Do I Drink Too Much?

 

If you have typed into your search engine “do I drink too much” you may have a problem. The article written by Amanda Gardner below is a simple list of 7 subtle signs (say that 5 times fast) that you might drink too much alcohol.

1. You set limits…but can’t stick to them

If you always try to limit yourself to a certain number of drinks and fail every time, you could be struggling with alcohol. “If you find yourself repeatedly going over your self-defined limit, that’s a common early sign you’re losing control over your drinking,” says Kelly, who is also president of the American Psychology Association’s Society of Addiction Psychology.
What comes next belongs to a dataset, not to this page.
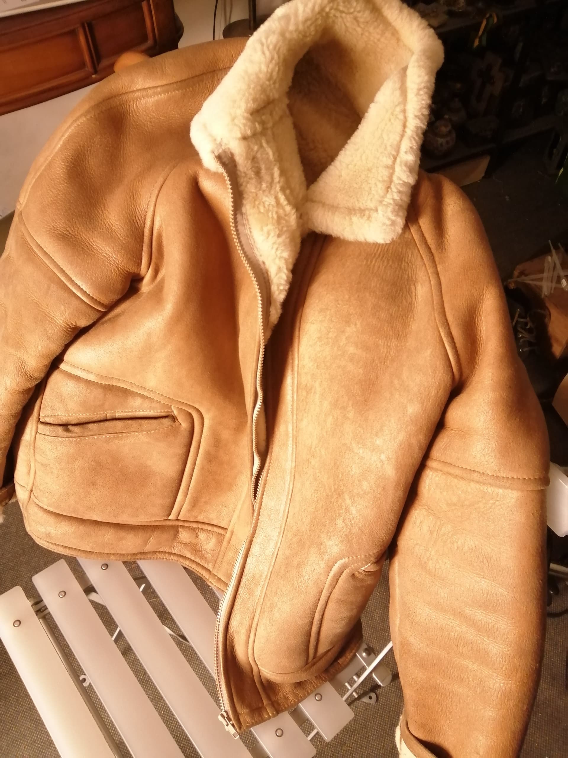 Un blouson en agneau retourné à manches raglan. Je demande le prix au vendeur ; il me répond « 40 euros ».

What to do about it: Figure out what triggers your desire to drink and try to avoid these people, places, and situations. This drinking analyzer card from the National Institutes of Health is a good place to start; the NIH also has a 4-week tracker to see how well you can stick to your limit. If you can’t avoid a trigger, keep a list of reasons not to drink nearby, as well as a list of trusted confidantes you can call.

2. Your friends comment on your drinking

One of the first signs your drinking is spiraling out of control is when friends or acquaintances express surprise about how much you’re drinking or how “well” you “handle” your alcohol. “People start to get feedback from [other] people long before they realize it themselves,” says Kelly. “That’s a sign.”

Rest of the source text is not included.